L’Italia porterà gli occhiali affumicati per qualche anno, poi la cicatrice rossastra sopra e sotto la palpebra sparirà. Per affrettare, un colpo di pastello e di legislazione geniale. Intorno alla bocca che ha nome Piave vi fu gran fervore di lavoro. Con un bombardamento sul labbro superiore, Caviglia massaggiatore esperto, incise e asportò triangoli di tessuto carnoso nel punto di congiunzione tra il labbro e il naso: Vittorio Veneto. Questo massaggio non soltanto restaurò, ma abbellì. Fu così aumentata la potenza espressiva della bocca Piave.
Tirammo a pulimento e riducemmo a forma rettilinea colline rincagnate. Colle mitragliatrici, fra poco, faremo abbondanti iniezioni per correggere le depressioni della linea frontale. Il piombo iniettato si trasformerà in tessuto connettivo. Livelleremo gli incavi e le depressioni morali del bel collo pieno di volontà. Tramuteremo il mento, un po’ molle, in mento pronunciato, volitivo audace insieme e piacevole. Ora la squadra ci aiuta cannoneggiando incisioni nelle regioni capellute sopra gli orecchi - golfi Adriatici.
Presto, presto, si spianino a cannonate le rughe frontali scavate dal dolore. Un colpo di lancetta qui, uno strofinamento di ruote là, e sarà compiuto il perfezionamento dei suoi connotati femminili. Voglio ridare al viso della mia Italia la tinta dei cieli di Sicilia. Già mi scivolano fra le mani gli aliti africani usi a fasciare i fianchi dell’Etna. Ho anche a mia disposizione questo morbido cielo, panno impregnato di soavità misteriose... Non sono forse io il padrone assoluto di questo universo diventato per me un prodigioso Istituto di bellezza? A 50 o 60 chilometri sulla mia destra posso prendere il mare, morbidissima spugna azzurra inzuppata di lozioni orientali. Ecco col mare-spugna azzurro cancello le lividure e le arsure del viso dell’Italia che riprende la freschezza saporosa della gioventù. Poi l’accarezzo con questo cielo di panno imbevuto d’Oriente illanguidito. Il viso si assopisce.
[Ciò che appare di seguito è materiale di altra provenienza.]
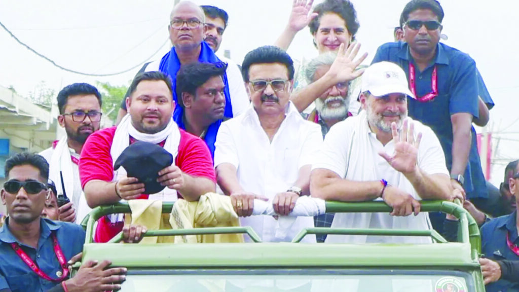 मुजफ्फरपुर। तमिलनाडु के मुख्यमंत्री एम.के.स्टालिन ने बिहार के मुजफ्फरपुर में आयोजित ‘वोटर अधिकार रैली’ में कांग्रेस सांसद राहुल गांधी, आरजेडी नेता तेजस्वी यादव और अन्य नेताओं के साथ मंच साझा करते हुए भाजपा और चुनाव आयोग पर गंभीर आरोप लगाए। उन्होंने कहा कि केंद्र सरकार ने चुनाव आयोग को रिमोट कंट्रोल से चलने वाली कठपुतली बना दिया है और बिहार के लोगों के नाम मतदाता सूची से हटाकर लोकतंत्र के साथ खिलवाड़ किया जा रहा है। स्टालिन ने कहा, राहुल गांधी ने चुनाव आयोग की ‘वोट चोरी’ का पर्दाफाश किया है। मुख्य चुनाव आयुक्त ज्ञानेश कुमार कह रहे हैं कि राहुल गांधी को हलफनामा देना चाहिए या माफी मांगनी चाहिए। क्या राहुल गांधी इन सब से कभी डरेंगे? भाजपा उन पर इसलिए हमला कर रही है, क्योंकि इससे यह उजागर हुआ है कि भाजपा ने चुनावों को कैसे मजाक बना दिया है। रैली में स्टालिन ने राहुल गांधी और तेजस्वी यादव के रिश्ते को राजनीतिक से परे बताते हुए कहा, राहुल गांधी और तेजस्वी यादव की दोस्ती सिर्फ राजनीति नहीं है, यह दो भाइयों का रिश्ता है। यह दोस्ती उन्हें विजयी बनाएगी। हम लोकतंत्र की रक्षा के लिए एकजुट हुए हैं। उन्होंने पूर्व मुख्यमंत्री करुणानिधि और लालू प्रसाद यादव की मित्रता को याद करते हुए कहा कि लालू यादव देश के सबसे प्रमुख नेताओं में से एक हैं, क्योंकि वे भाजपा से कभी नहीं डरे। स्टालिन ने कहा कि तेजस्वी यादव भी अपने पिता के नक्शेकदम पर चल रहे हैं और लोकतंत्र को बचाने की लड़ाई में मजबूती से खड़े हैं।

—Menghini, come va il motore?
—Senta, signor tenente; canta come un flauto. Tuvvvvvvvv Tuvvvvvv vrrrrrr vrrrrrrr.
Il motore aveva come me sete, sete, dopo tanta passione bruciante.
Fiuto la maestosa, freschissima bevanda saporosa d’azzurro: il Tagliamento! Se il ponte del Torrente Arzino è ancora in piedi saremo presto al Tagliamento. Presto, giù per le discese a zig-zag e nelle grandi S temerarie della strada, correva la mia 74 girando intorno alle colline sempre più aspre e rocciose che prendevano arie di montagne imprevedute con roccioni strapiombanti, svolte, svolte, e svolte.
Ad una spasmodica velocità, come il sangue corre nelle vene, correvamo nelle vene dell’Italia, su e giù per i suoi muscoli saldi. Era fuori di noi l’Italia, ed era anche nella blindata, addormentata fra le mie braccia, col suo placido respiro melodioso. Tuvvvvv Tuvvvv....
XXIV.
UN PARTO IN BLINDATA
In volata coi bersaglieri ciclisti che corrono a destra e a sinistra delle blindate sentiamo tutti che s’avvicina per noi l’ora di un urto violentissimo col nemico. Sentiamo che sull’Arzino e sul Tagliamento gli Austriaci ci sbarreranno la strada di Stazione per la Carnia, tentando così di impedire la cattura d’un’armata di circa 50.000 uomini e relativo carreggio cavalli e bestiame in marcia da Gemona verso il corridoio di Chiusaforte e Tarvis.